In this example seems that both strings "jesus" are equals(same memory location).
printf("%p\n","jesus");
printf("%p\n","jesus");
Also note that:
printf("%p\n",&"jesus");
printf("%p\n","jesus");
prints the same, but:
char* ptrToString = "jesus";
char* ptrToString = &"jesus"; //ERROR
So i wanna know how an unassigned string is stored in memory and how to point it...

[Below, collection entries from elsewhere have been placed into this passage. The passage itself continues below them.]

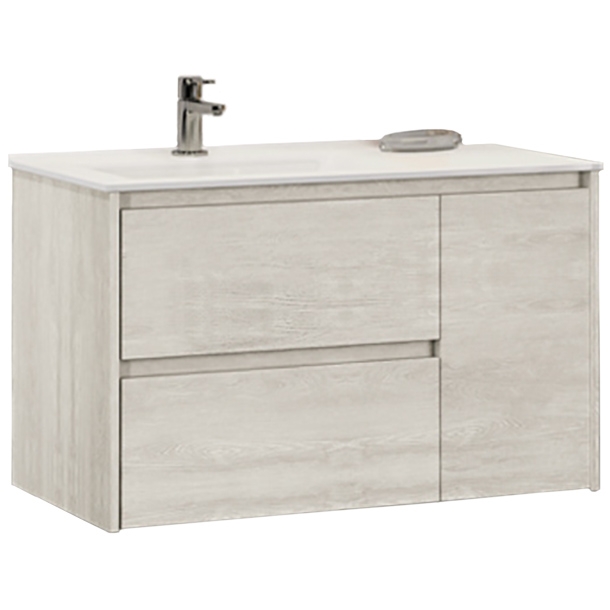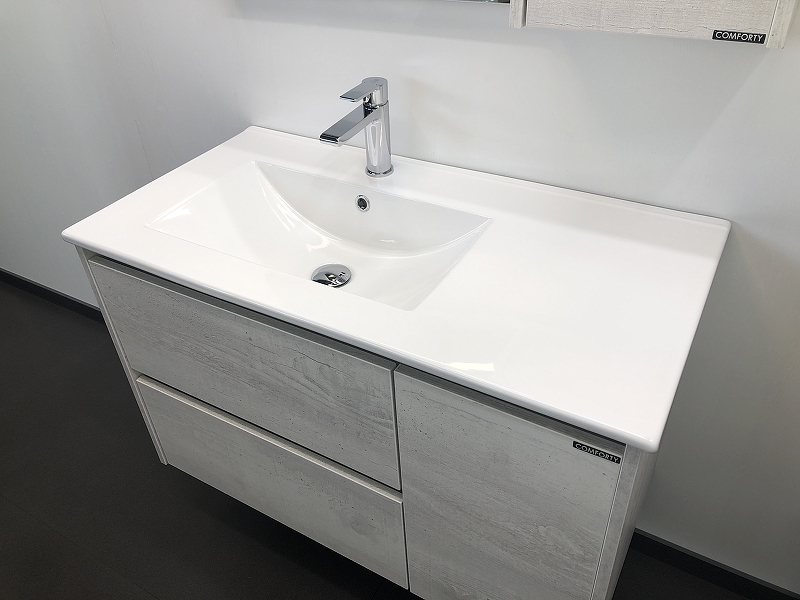 Тумба подвесная с раковиной Comforty Бремен 900x465x555 дуб белый (00004142375)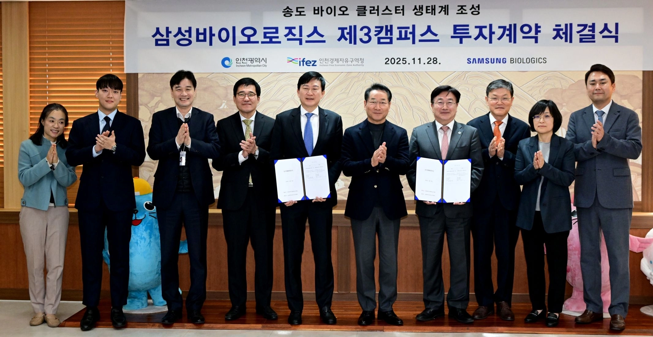 삼성바이오로직스가 인천 송도국제도시 11공구 토지를 새로 확보하고 제3캠퍼스 조성에 들어간다. 인천경제자유구역청은 28일 인천시청에서 삼성바이오로직스와 산업시설용지 18만 7427㎡에 대한 매매계약을 체결했다고 밝혔다. 매매대금은 2487억원이다.이번 부지는 송도 첨단산업클러스터 내 위치한 산업용지로, 지난 6월 공급 공모에 단독 참여한 삼성바이오로직스가 우선협상대상자로 선정된 뒤 세부 협상을 마무리했다.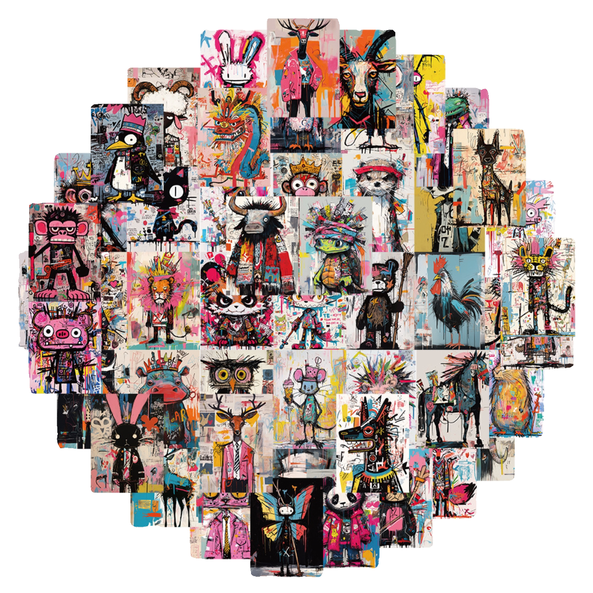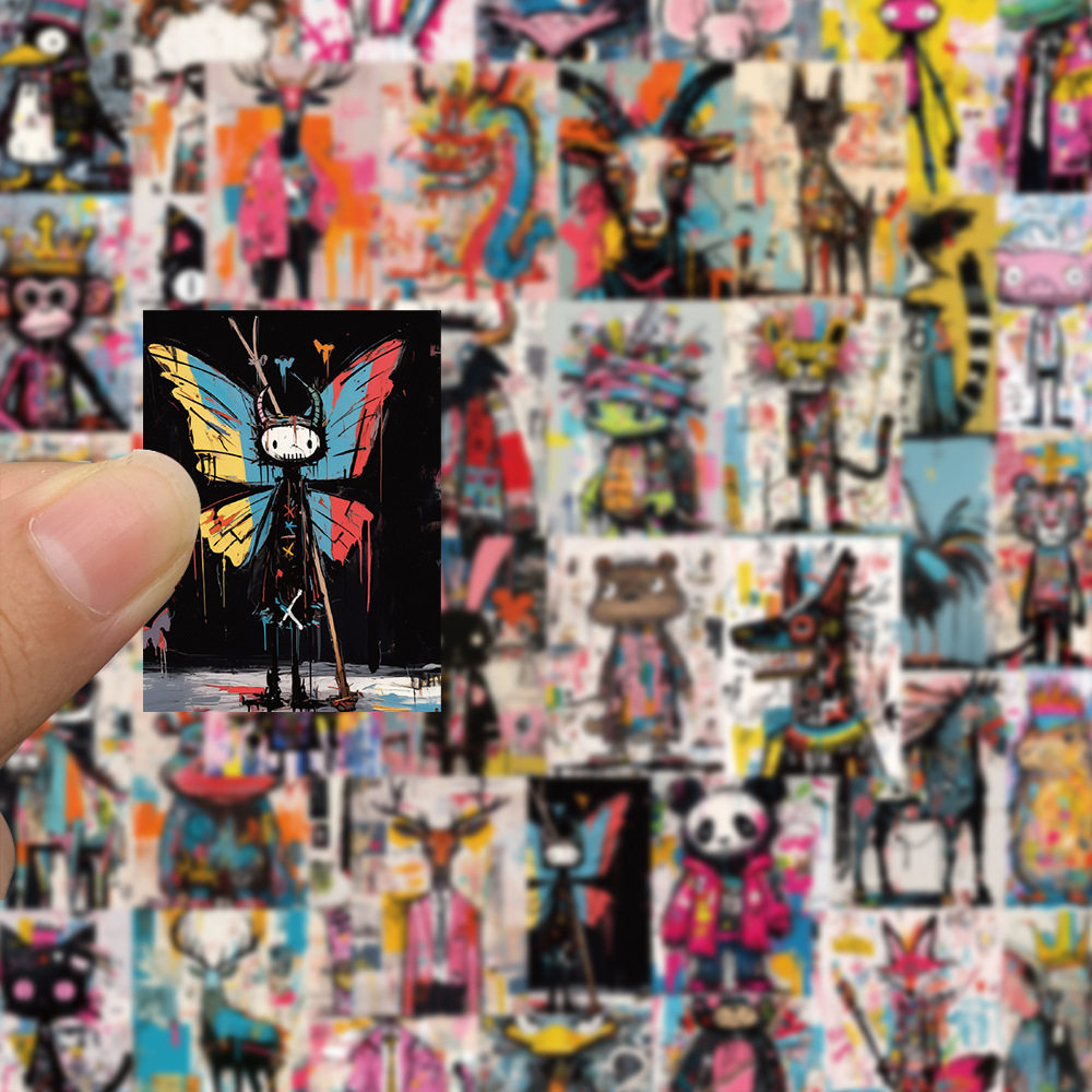 50张巴斯奎特风格疯狂艺术贴纸笔记本电脑吉他装饰diy防水贴画

First off, why are "jesus" and &"jesus" the same: "jesus" is an array of type const char[6], and it decays to a pointer to the first element. Taking the address of the array gives you a pointer to an array, whose type is const char (*)[6]. However, the pointer to the array is numerically the same as the pointer to its first element (only the types differ).
This also explains why you have an error in the last line - type type is wrong. You need:
const char (*pj)[6] = &"jesus";
Finally, the question is whether repeated string literals have the same address or not. This is entirely up to the compiler. If it were very naive, it could store a separate copy for each occurrence of a string literal in the source code. If it is slightly cleverer, it'll only store one unique copy for each string literal. String literals are of course stored in memory somewhere, typically in a read-only data segment of the program image. Think of them as statically initialized global variables.
One more thing: Your original code is actually undefined behaviour, since %p expects a void * argument, and not a const char * or a const char (*)[6]. So the correct code is:
printf("%p\n%p\n", (void const *)"jesus", (void const *)&"jesus");
C is a carefully specified language and we can make many observations about your examples that may answer some questions.
Character literals are stored in memory as initialized data. They have type array of char.
They are not necessarily strings because nul bytes can be embedded with \0.
It is not required that identical character string literals be unique, but it's undefined what happens if a program tries to modify one. This effectively allows them to be distinct or "interned" as the implementation sees fit.
In order to make that last line work, you need:
char (*ptrToString)[] = &"jesus"; // now not an ERROR
char *sample = "String Value";
&sample is a pointer to the pointer of "String Value"
is the above statement right?
If the above statement right, what is the equivalent of &sample if my declaration is
char sample[] = "String Value"
In the first one, there are two objects being created.
One is a char * (pointer-to-char) called sample, and the other is an unnamed array of 13 chars containing the characters of the string. In this case, &sample gives the address of the object sample, which is the address of a pointer-to-char - so, a pointer-to-pointer-to-char.
In the second example, there's only one object being created; an array of 13 chars called sample, initialised with the characters of the string. In this case, &sample gives the address of the object sample - so, a pointer-to-array-of-13-chars.
In the second example, there is no "equivalent" to &sample in the first example, in the sense of a pointer-to-pointer-to-char value. This is because there is no pointer-to-char value to take the address of. There is only the array.
While pointers provide enormous power and flexibility to the programmers, they may use cause manufactures if it not properly handled. Consider the following precaustions using pointers to prevent errors. We should make sure that we know where each pointer is pointing in a program. Here are some general observations and common errors that might be useful to remember. *ptr++, *p[],(ptr).member
In the first part &sample will return the address of 'sample' pointer created and in the second case the starting address of the string created as object.
In C arrays and pointers are more or less interchangable. You can treat an array name like it is a pointer, and a pointer like it is an array name.
If you take the address of (&) of a pointer, of course you get a pointer to a pointer.
&sample is the address of the pointer that points to "String Value".
For the second example, since an array name that is not followed by a subscript is interpreted as the pointer to the initial element of the array, which means
sample
and
&sample[0]
are the same, therefore &sample is also the address of the pointer that points to the string.